O Messias esperado é um chefe armado que lidera as tropas na reconquista de Jerusalém frente ao poder dominador dos romanos. Jesus é o Messias da cruz. Aquele que assume a derrota dos fracos, dos humilhados, dos despojados de dignidade, dos que não têm cidadania, dos que perderam os direitos e a liberdade. Assumindo o destino destes últimos, aceita a condenação por todos e torna-se o crucificado, trespassado pela lança dos soldados. Apresenta-se como o vencido diante dos tribunais humanos, derrotado frente aos poderes deste mundo, incapaz de mudar o rumo da história e a condição daqueles por quem oferece a sua vida. E indica aos seus discípulos o mesmo caminho como caminho para alcançar a vida, “Se alguém quiser vir comigo, renuncie a si mesmo, tome a sua cruz todos os dias e siga-Me. Pois quem quiser salvar a sua vida, há de perdê-la; mas quem perder a sua vida por minha causa, salvá-la-á”.
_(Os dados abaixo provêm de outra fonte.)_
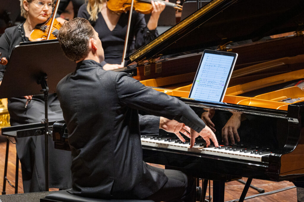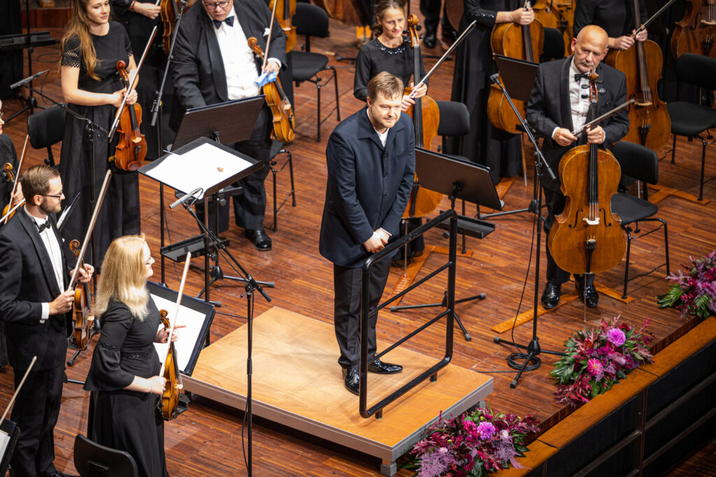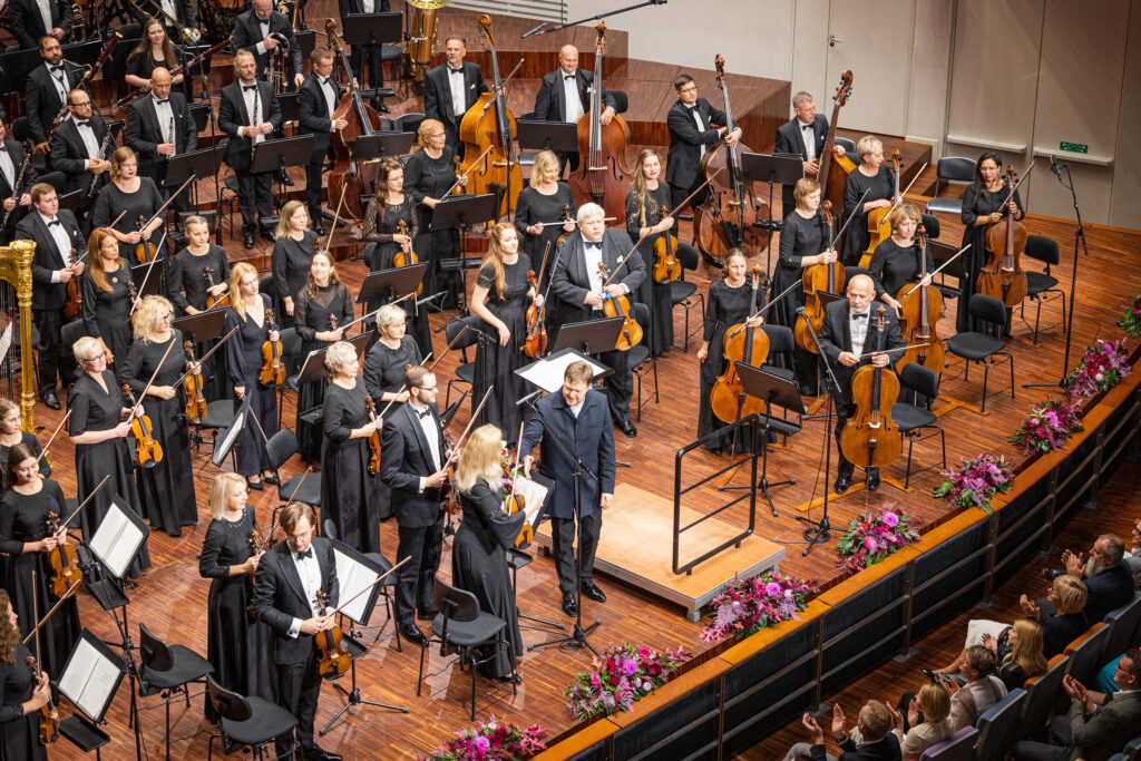 Krāšņais sezonas atklāšanas koncerts iesākās ar Jura Karlsona opusa “El Cid. Dzīves un nāves dejas” atskaņojumu, bet noslēgumā publika baudīja paša diriģenta izveidoto svītu no Sergeja Prokofjeva slavenā baleta “Romeo un Džuljeta”.

Cumpre-se em Jesus, sabemos nós de antemão, o que estava escrito pelos profetas. Aquele “a quem trespassaram” venceu a morte, abriu para todos um tempo de conversão, e fez brotar uma nascente purificadora. Do lado de Jesus, ferido pela lança (como nos lembra João), jorram água e sangue. É neste lugar que todos os que, ao olharem para Ele com a profunda dor do arrependimento – uma dor comparável à de quem chora a perda de um filho único –, podem purificar-se de seus pecados e iniquidades.
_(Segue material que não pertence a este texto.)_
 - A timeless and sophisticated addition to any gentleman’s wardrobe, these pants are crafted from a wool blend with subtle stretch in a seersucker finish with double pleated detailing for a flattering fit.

Esta nascente, o lado aberto de Jesus é o lugar de onde nasce o Batismo e a Eucaristia. Todos os que são purificados nesta nascente são tornados descendentes de Abraão pela fé. Já não são estrangeiros, nem escravos nem existe entre eles qualquer distinção porque todos são reconhecidos com a mesma dignidade e chamados filhos. É desta igualdade que fala Paulo na segunda leitura. Todos nascemos do lado aberto pela lança no corpo de Jesus. Todos vivemos da sua entrega na cruz, todos procuramos a mesma fonte para saciar a sede da alma.
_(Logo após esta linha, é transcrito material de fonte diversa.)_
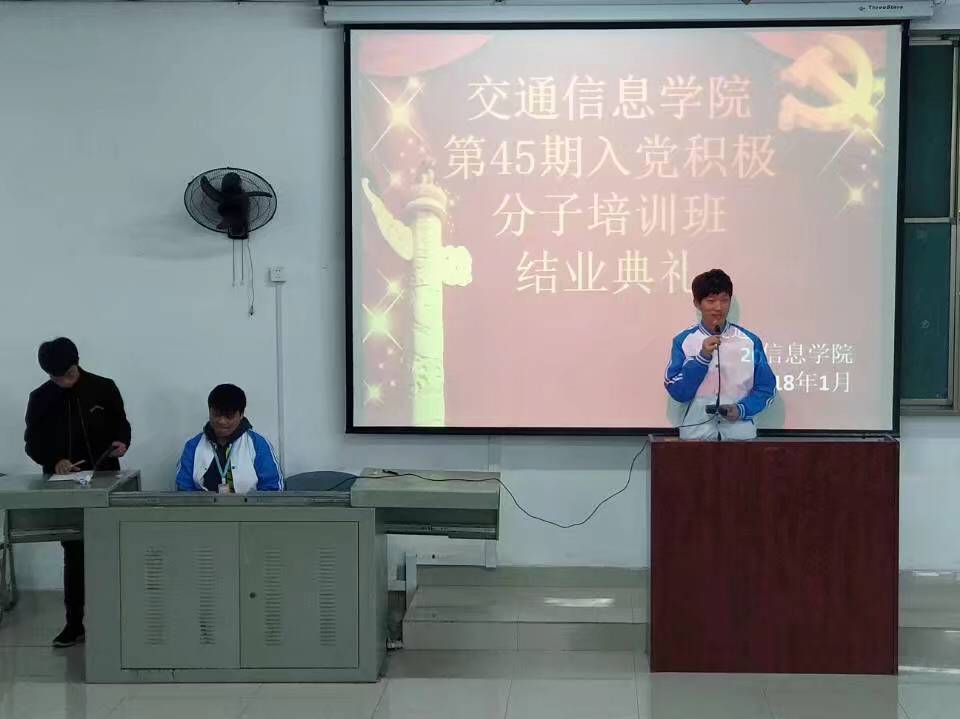 2018年1月11日,中午12点10分,交通信息学院在D栋501举行第45期入党积极分子培训班结业典礼。

Os que neste domingo participam da Eucaristia são confrontados com a urgência de olhar para o que nos identifica e não para o que nos distingue. Todos nós somos devedores daquele que foi traspassado, lavámos nossas iniquidades nas águas do mesmo Batismo e experimentamos a mesma sede de Deus. Já não há distinções entre nós, pois “não há judeu nem grego, não há escravo nem livre, não há homem nem mulher”. Pelo batismo, nos tornamos “um só em Cristo Jesus” e somos chamados a segui-lo, assumindo a cruz de cada dia na renúncia de nós mesmos. Reunimo-nos a cada domingo no santuário para “ver o poder e a glória” de Deus e reconhecer que “a graça vale mais que a vida”.
Rezar a Palavra
Senhor, ensina-nos a olhar para o que nos une na Eucaristia, em vez de nos prender ao que nos separa. Todos somos devedores de Cristo, lavados pelo Batismo e sedentos da Tua presença. Que as distinções se desfaçam e que sejamos verdadeiramente um em Jesus, assumindo a nossa cruz diária com renúncia e amor. Que a Tua graça, que vale mais que a própria vida, nos motive a buscar o Teu poder e glória a cada domingo no santuário. Amém.
Compromisso semanal
Procuro Jesus, a nascente de água viva que jorra com abundância para saciar a sede de cada homem.